Um levantamento da Universidade de Oxford (2025) apontou que 20% das mulheres em uso prolongado relatam ciclos irregulares e aumento dos sintomas de TPM.

Além disso, o valproato está associado ao risco de síndrome dos ovários policísticos (SOP), o que pode causar atrasos recorrentes.

5. Quimioterápicos e imunossupressores

Medicamentos usados no tratamento de câncer e doenças autoimunes podem interromper temporariamente a ovulação.
Em alguns casos, a quimioterapia causa amenorreia transitória, e o ciclo só retorna após o término do tratamento.

Pesquisas publicadas na Revista Brasileira de Ginecologia e Obstetrícia (2025) destacam que os efeitos dependem da dose e da duração da terapia. Mulheres abaixo dos 35 anos costumam recuperar o ciclo dentro de 6 a 12 meses.

Tabela – Medicamentos e impacto no ciclo menstrual

Classe de medicamento Exemplos Mecanismo Possível efeito no ciclo
Antidepressivos (ISRS) Fluoxetina, Sertralina Alteram serotonina e GnRH Atraso de até 10 dias
Corticoides Prednisona, Dexametasona Supressão hipotalâmica Atrasos de 15–45 dias
Antipsicóticos Risperidona, Olanzapina Aumento da prolactina Ausência de menstruação
Anticonvulsivantes Valproato, Carbamazepina Alteração hormonal ovariana Ciclos irregulares
Quimioterápicos Ciclofosfamida, Metotrexato Supressão ovariana Amenorreia temporária

Quando o atraso menstrual exige atenção médica

Procure um ginecologista se:

  • O atraso ultrapassar 45 dias.
  • O fluxo menstrual for substituído por corrimento escuro.
  • Houver sintomas como inchaço, acne, ganho de peso ou dor pélvica persistente.
  • Você estiver em uso contínuo de medicamentos hormonais ou psiquiátricos.

Em muitos casos, ajustar a dosagem ou trocar o medicamento já é suficiente para regular o ciclo.

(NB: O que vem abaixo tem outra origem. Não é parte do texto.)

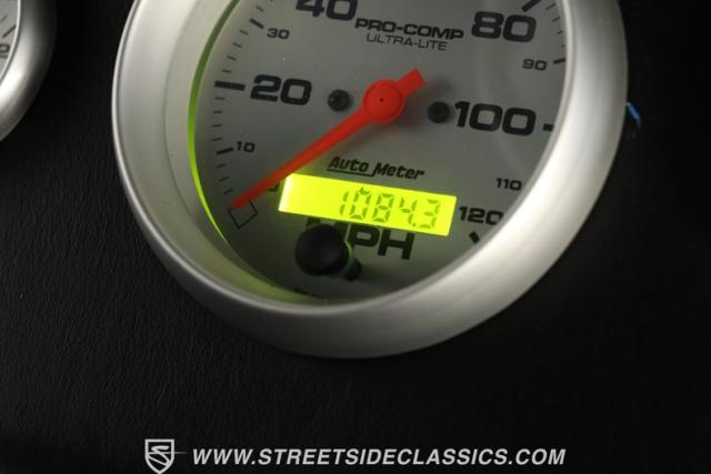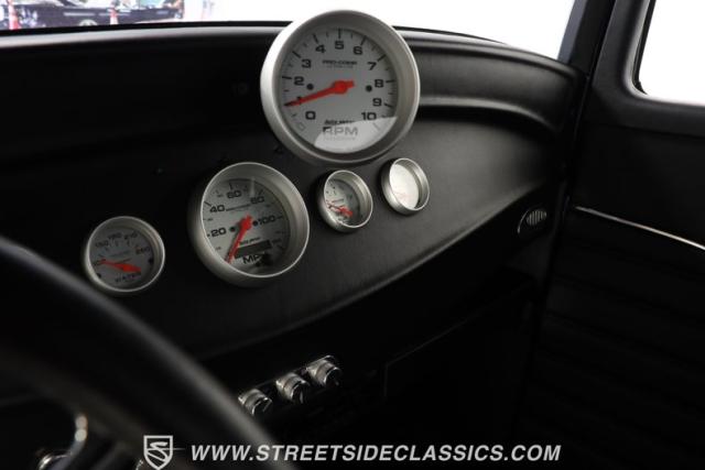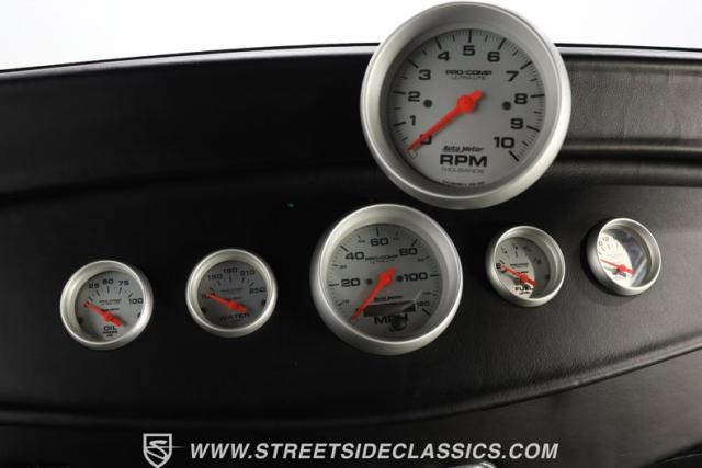 Up front, the suspension features Pete & Jake shocks, while the rear uses QA1 double-adjustable coil-overs. 17-inch Ridler wheels sit up front, with 20-inch Ridlers in the rear. They\'re wrapped in 225/45ZR17 front tires and 275/45ZR20 rears. Wilwood disc brakes at all four corners bring this street rod to a stop with ease. For exhaust, powder-coated shorty headers flow into dual pipes with Flowmaster mufflers for that small block pop\'in exhaust note.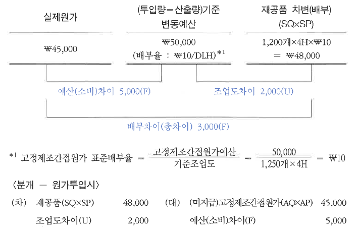 3) 변동예산과 재공품 계정 차변에 집계하는 회계처리 금액(배부액)이 다르다.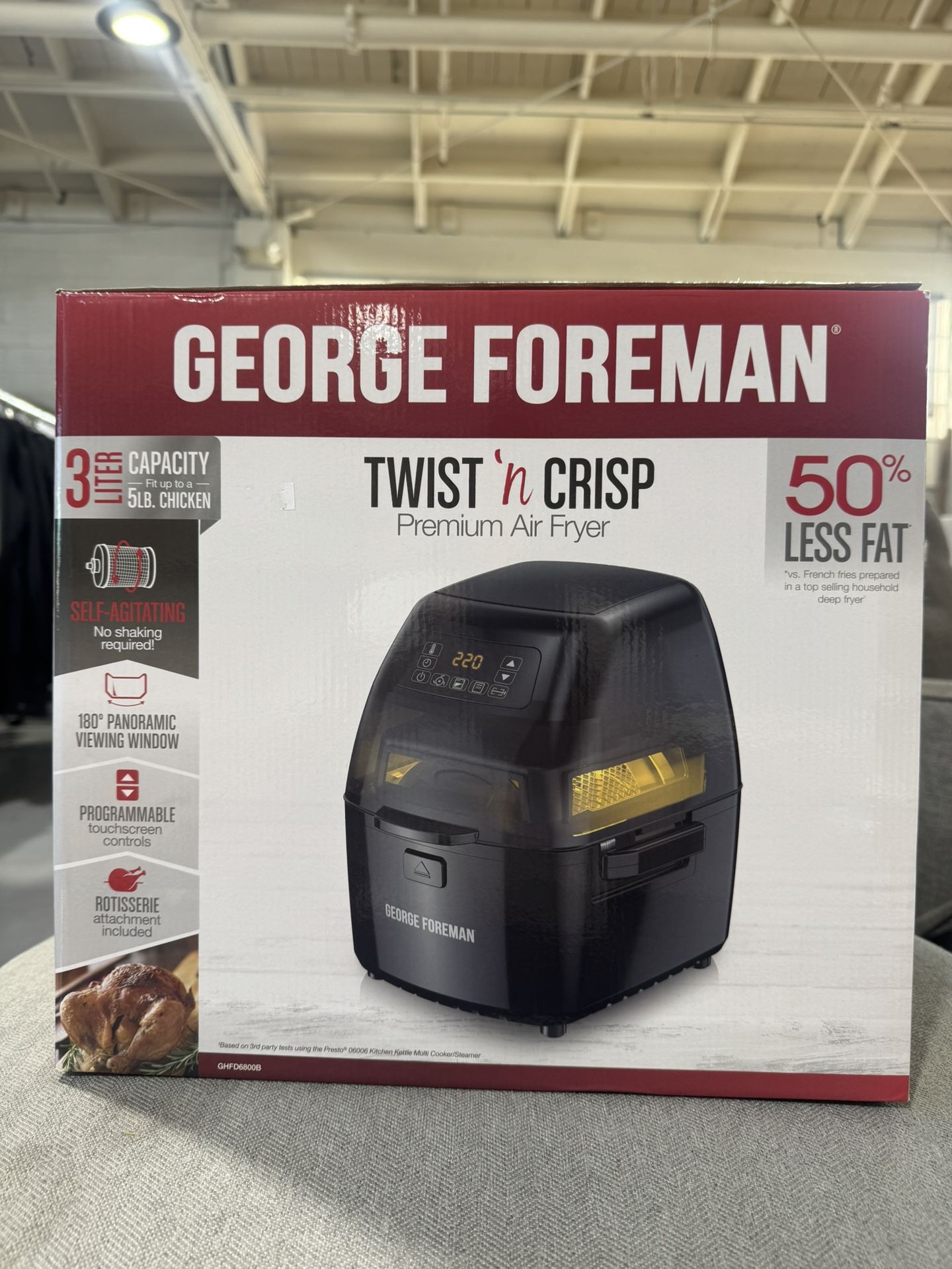Revolutionize your cooking with the George Foreman Twist ’n Crisp Premium Air Fryer. This innovative air fryer offers a healthier way to enjoy your favorite fried foods with up to 50% less fat compared to traditional deep frying. Its unique design and advanced features make it a versatile addition to any kitchen, perfect for preparing a wide variety of meals, from crispy fries to a whole roasted chicken. Key Features • 3L Capacity: Generous capacity fits up to a 5lb whole chicken, ideal for family meals or entertaining. • Twist ’n Crisp Technology: Features an exclusive rotating basket that continuously tumbles food during cooking, ensuring even crisping and eliminating the need for manual shaking. • 50% Less Fat: Enjoy delicious, crispy results with significantly less oil, promoting healthier eating habits. • 180° Panoramic Viewing Window: Monitor your food’s progress without opening the air fryer, preserving heat and ensuring perfect results. • Programmable Touchscreen Controls: Easy-to-use digital controls for precise temperature and time adjustments. Max temperature of 425°F. • Rotisserie Attachment Included: Perfect for roasting whole chickens or other meats, providing tender and juicy results with a crispy exterior. • Self-Agitating Design: No shaking required! The rotating basket does all the work for you. • Dishwasher-Safe Parts: Removable parts are dishwasher safe for quick and easy cleanup. • 60-Minute Digital Cook Timer with Auto Shutoff: Set it and forget it! The timer ensures your food is cooked to perfection and automatically shuts off for safety. Condition Brand new in box. (If applicable, adjust based on actual product condition) What’s Included • George Foreman Twist ’n Crisp Premium Air Fryer • Rotating Basket • Rotisserie Attachment

Como minimizar os efeitos sobre o ciclo

  • Nunca suspenda o medicamento por conta própria.
  • Mantenha alimentação rica em ferro e ômega-3, que favorecem o equilíbrio hormonal.
  • Monitore seus ciclos com aplicativos de controle menstrual.
  • Faça acompanhamento regular com ginecologista e médico prescritor.

Referências científicas

  • PubMed. Effects of Psychotropic and Hormonal Medications on Menstrual Regularity, 2025.
  • Sociedade Brasileira de Endocrinologia e Metabologia, Relatório Clínico 2025.
  • Harvard Medical School. Medication-Induced Amenorrhea: Mechanisms and Management, 2025.
  • Revista Brasileira de Ginecologia e Obstetrícia, 2025.
  • WHO. Women’s Health and Hormonal Balance, 2025.

FAQ – Perguntas Frequentes sobre Medicamentos e Atraso Menstrual

1. Antidepressivos podem causar atraso menstrual?
Sim. Eles alteram a liberação de hormônios cerebrais que controlam o ciclo, provocando atrasos de até 10 dias em alguns casos.

2. Corticoides afetam o ciclo menstrual?
Podem afetar. O uso prolongado inibe a hipófise, reduzindo a produção de hormônios sexuais e causando irregularidades.

3. Todo antipsicótico causa ausência de menstruação?
Não, mas os que elevam a prolactina, como a risperidona, têm maior chance de provocar amenorreia.

4. Quimioterapia pode suspender a menstruação para sempre?
Depende da idade e da dose. Mulheres jovens geralmente recuperam o ciclo após o tratamento.

5. Anticonvulsivantes interferem na fertilidade?
Podem. Alguns, como o valproato, estão associados a distúrbios hormonais e SOP.

6. Posso trocar o medicamento para regular o ciclo?
Somente com orientação médica. A substituição deve ser avaliada caso a caso.

7. O atraso menstrual por remédio é perigoso?
Na maioria das vezes, é temporário. Mas se persistir, deve ser investigado para descartar outras causas hormonais.